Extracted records
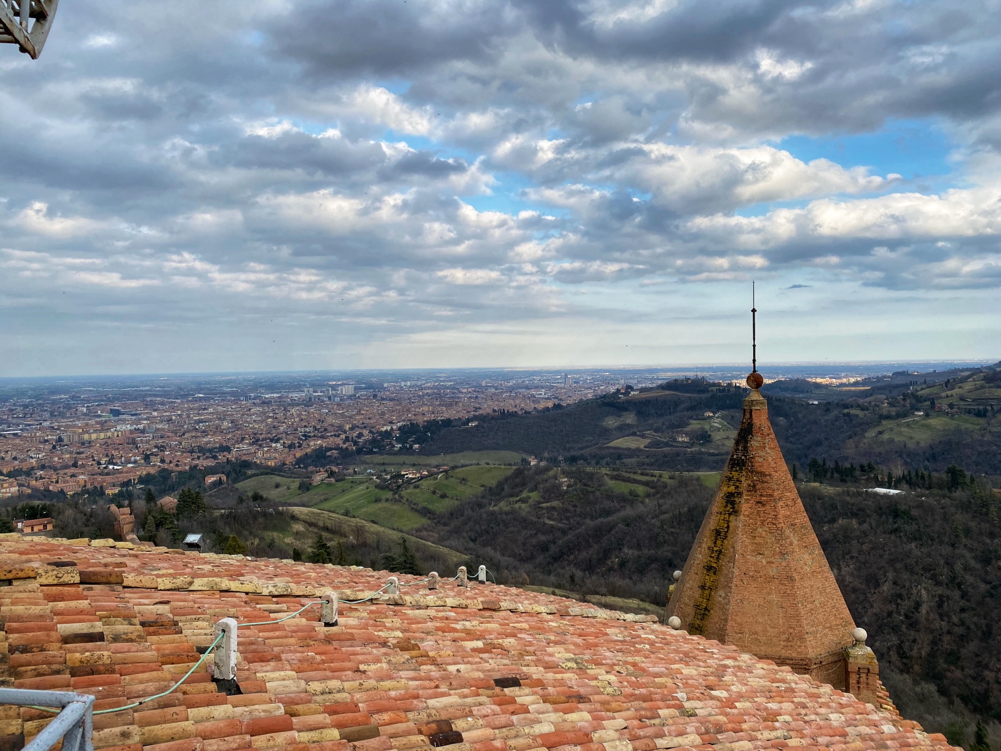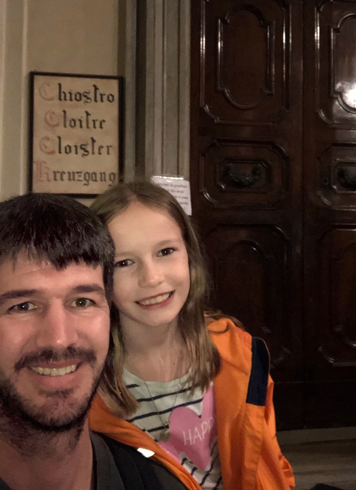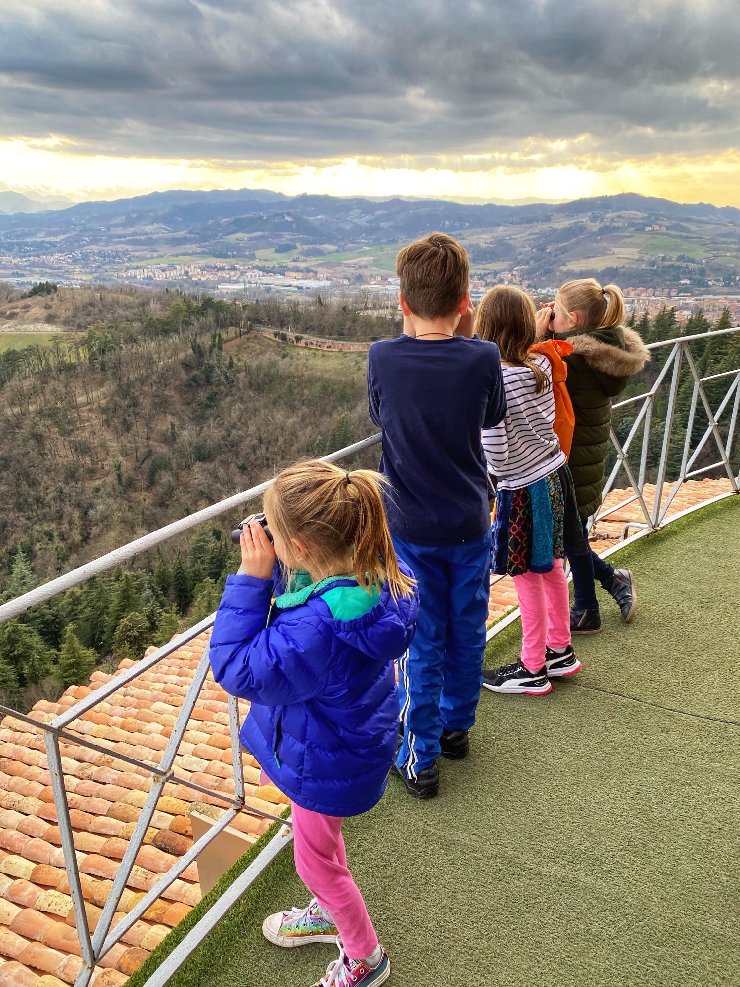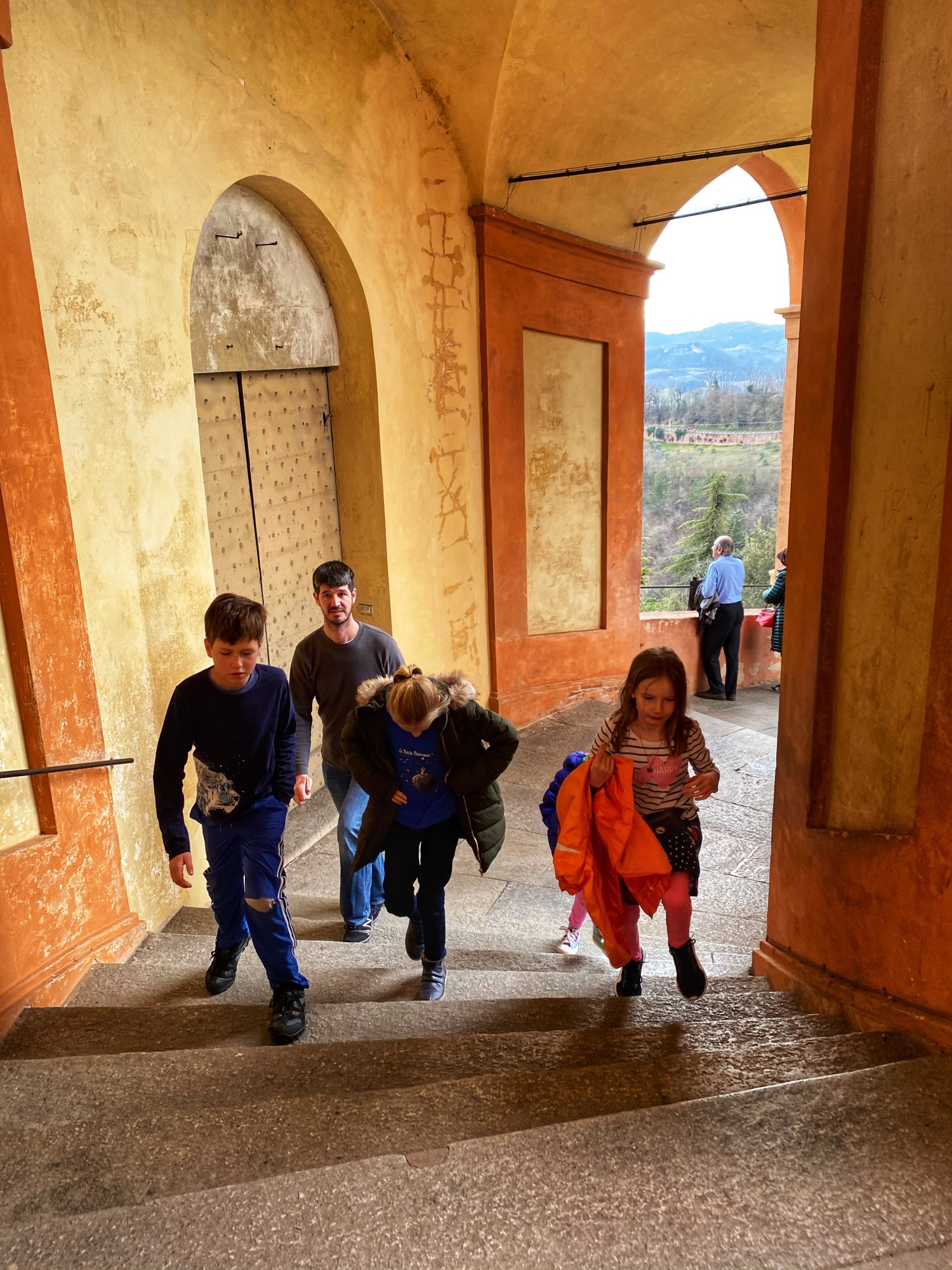 Bologna was an unplanned stop as we realized it was directly on our route. I knew of a worthwhile hilltop pitstop called Sanctuary of the Madonna di San Luca, and since visibility was good that day, we went for it. The city of Bologna boasts the world’s longest network of porticos, so it was especially fun to bring the kids here and show them the start of the portico system at the Sanctuary on top of the hill. I visited here last year on a tour through northern Italy with my friend (see blog here) but we weren’t able to climb to the top of the dome – only the Sanctuary. This time we enjoyed the views from the large dome, looking out over the Italian countryside in one direction and over the foodie city of Bologna in the other direction.
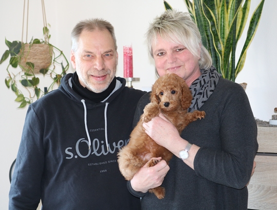 River hat das Glück, neben seinen Menschen auch eine tolle Pudeldame an seiner Seite zu haben. Sie wird ihm den Schritt in die große weite Welt leichter machen. Er lebt im westlichen Ruhrgebiet und hat das große Los gezogen bald mit seiner Familie noch mehr Platz zum Toben zu haben.
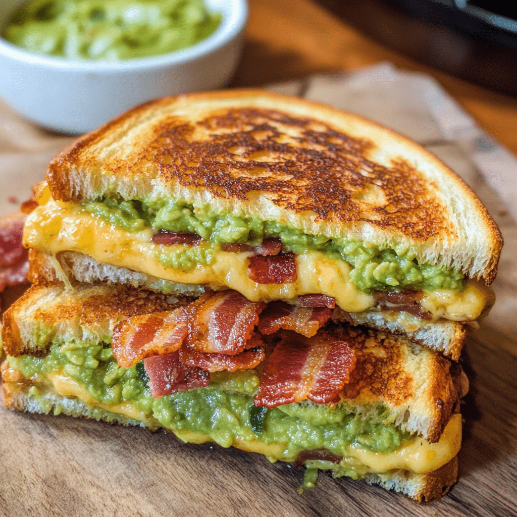 I create this dish, and the bacon crisps up to a delicious crunch, while the guacamole adds a creamy, fresh burst of flavor. The cheese melts beautifully, oozing out as I press the sandwich together. The bread toasts golden brown, creating the perfect crunch with each bite. The combination of textures and flavors makes this sandwich a crowd-pleaser that will leave everyone wanting more.
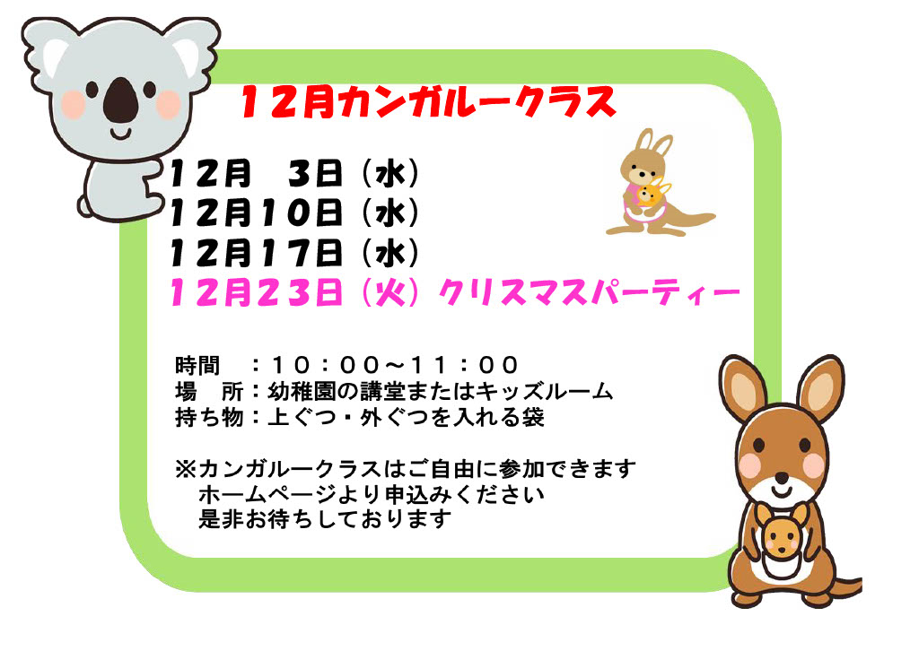12月カンガルークラスのご案内 2025.11.25 イベント お知らせ 未就園児 重要 愛徳幼稚園では、週1回(水曜日)にご参加いただける未就園児教室『カンガルークラス』を開催しております。入園前のお子さまなら、どなたでも参加できます。親子共々、たくさんの出会いの場となることを願い、こころよりお待ちしております。 12月のカンガルークラス開催予定日 12月 3日(水) 12月10日(水) 12月17日(水) 12月23日(火)クリスマスパーティー 楽しいプログラムをご用意してお待ちしております。 是非、ご参加ください。 詳細、お申し込みはこちら
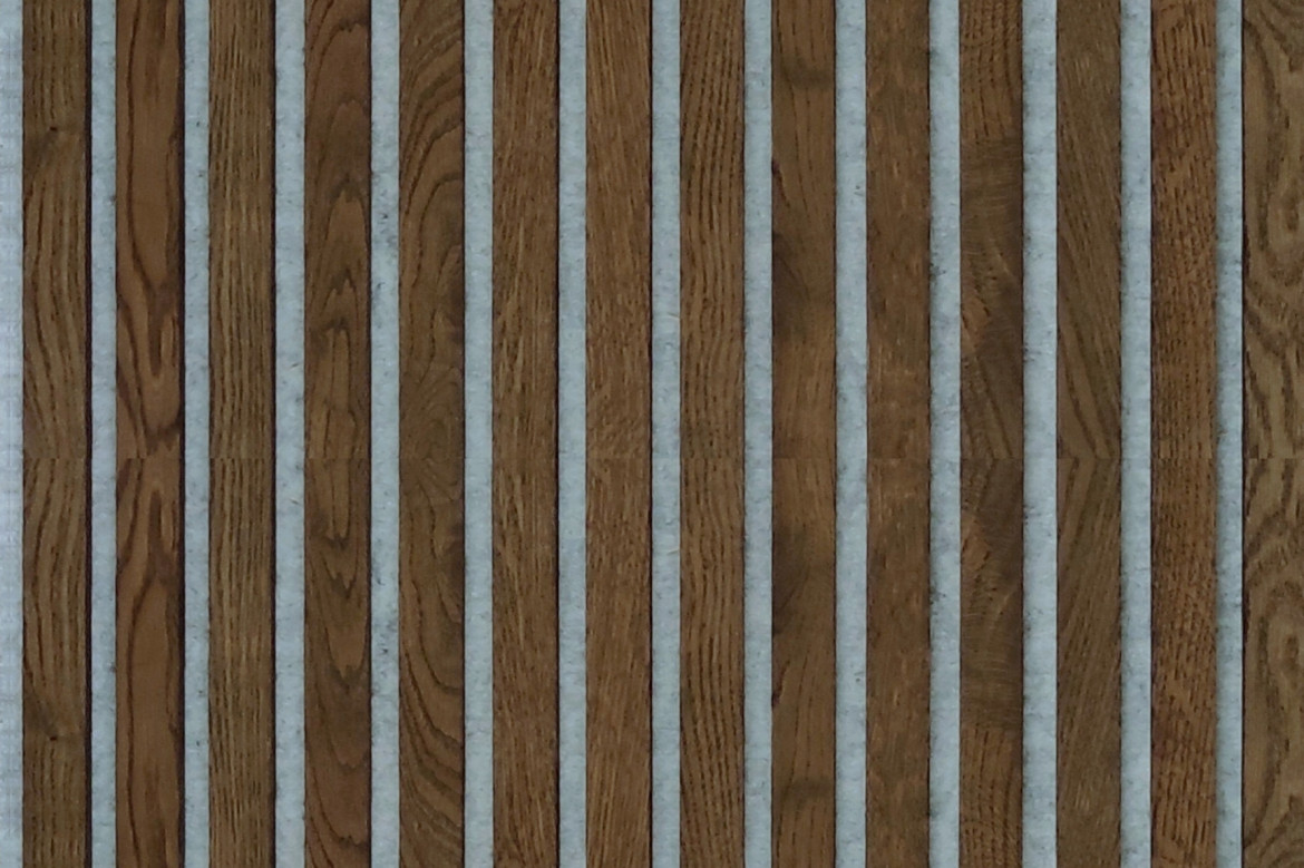 tvorí zvukovo absorbčný PET akustický panel a dubové drevené lamely s funkciou difúzie zvuku
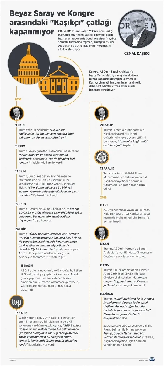 Yönetimim, ilk günden itibaren bu konuda tam şeffaflık politikasını benimsemiştir. Geride bıraktığımız bir yıllık dönemde istihbarat ve emniyet teşkilatlarımız ile diplomatlarımız ve savcılarımız, meselenin takipçisi olarak muhataplarıyla işbirliği yapmış; ulusal ve uluslararası kamuoyunu aydınlatmak için gereken adımları atmışlardır. Bu kapsamda Suudi Arabistan'ın yanı sıra Amerika Birleşik Devletleri, Rusya Federasyonu, Almanya, Fransa ve Birleşik Krallık'ın aralarında bulunduğu ülkelerle elimizdeki kanıtları paylaştık. İlaveten Birleşmiş Milletler Özel Raportörü Agnes Callamard'ın soruşturmasına katkıda bulunduk. Son olarak Kaşıkçı'nın katillerinin, suçun işlediği yer olan Türkiye'ye gönderilmesi için Suudi Arabistan nezdinde girişimlerde bulunduk.
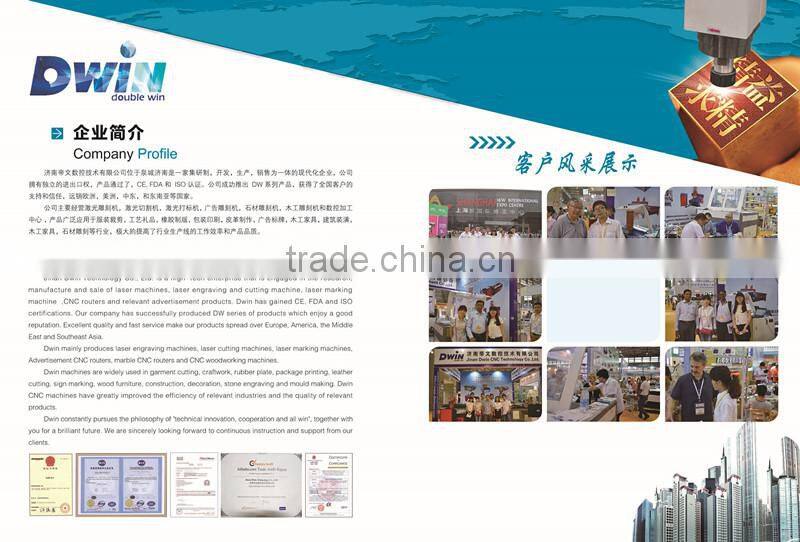 Is a high-tech enterprise that is engaged in the research, manufacture and sale of laser machines, laser engraving and cutting machine, laser marking machine ,CNC routers and relevant advertisement products. Dwin has gained CE, FDA and ISO certifications. Our company has successfully produced DW series of products which enjoy a good reputation. Excellent quality and fast service make our products spread over Europe, America, the Middle East and Southeast Asia.

* **YOUR GOAL**
Exactly as written, give the entries above again, with no images.

* **RESULT OF THE EXERCISE**
 Bologna was an unplanned stop as we realized it was directly on our route. I knew of a worthwhile hilltop pitstop called Sanctuary of the Madonna di San Luca, and since visibility was good that day, we went for it. The city of Bologna boasts the world’s longest network of porticos, so it was especially fun to bring the kids here and show them the start of the portico system at the Sanctuary on top of the hill. I visited here last year on a tour through northern Italy with my friend (see blog here) but we weren’t able to climb to the top of the dome – only the Sanctuary. This time we enjoyed the views from the large dome, looking out over the Italian countryside in one direction and over the foodie city of Bologna in the other direction.
 River hat das Glück, neben seinen Menschen auch eine tolle Pudeldame an seiner Seite zu haben. Sie wird ihm den Schritt in die große weite Welt leichter machen. Er lebt im westlichen Ruhrgebiet und hat das große Los gezogen bald mit seiner Familie noch mehr Platz zum Toben zu haben.
 I create this dish, and the bacon crisps up to a delicious crunch, while the guacamole adds a creamy, fresh burst of flavor. The cheese melts beautifully, oozing out as I press the sandwich together. The bread toasts golden brown, creating the perfect crunch with each bite. The combination of textures and flavors makes this sandwich a crowd-pleaser that will leave everyone wanting more.
12月カンガルークラスのご案内 2025.11.25 イベント お知らせ 未就園児 重要 愛徳幼稚園では、週1回(水曜日)にご参加いただける未就園児教室『カンガルークラス』を開催しております。入園前のお子さまなら、どなたでも参加できます。親子共々、たくさんの出会いの場となることを願い、こころよりお待ちしております。 12月のカンガルークラス開催予定日 12月 3日(水) 12月10日(水) 12月17日(水) 12月23日(火)クリスマスパーティー 楽しいプログラムをご用意してお待ちしております。 是非、ご参加ください。 詳細、お申し込みはこちら
 tvorí zvukovo absorbčný PET akustický panel a dubové drevené lamely s funkciou difúzie zvuku
 Yönetimim, ilk günden itibaren bu konuda tam şeffaflık politikasını benimsemiştir. Geride bıraktığımız bir yıllık dönemde istihbarat ve emniyet teşkilatlarımız ile diplomatlarımız ve savcılarımız, meselenin takipçisi olarak muhataplarıyla işbirliği yapmış; ulusal ve uluslararası kamuoyunu aydınlatmak için gereken adımları atmışlardır. Bu kapsamda Suudi Arabistan'ın yanı sıra Amerika Birleşik Devletleri, Rusya Federasyonu, Almanya, Fransa ve Birleşik Krallık'ın aralarında bulunduğu ülkelerle elimizdeki kanıtları paylaştık. İlaveten Birleşmiş Milletler Özel Raportörü Agnes Callamard'ın soruşturmasına katkıda bulunduk. Son olarak Kaşıkçı'nın katillerinin, suçun işlediği yer olan Türkiye'ye gönderilmesi için Suudi Arabistan nezdinde girişimlerde bulunduk.
 Is a high-tech enterprise that is engaged in the research, manufacture and sale of laser machines, laser engraving and cutting machine, laser marking machine ,CNC routers and relevant advertisement products. Dwin has gained CE, FDA and ISO certifications. Our company has successfully produced DW series of products which enjoy a good reputation. Excellent quality and fast service make our products spread over Europe, America, the Middle East and Southeast Asia.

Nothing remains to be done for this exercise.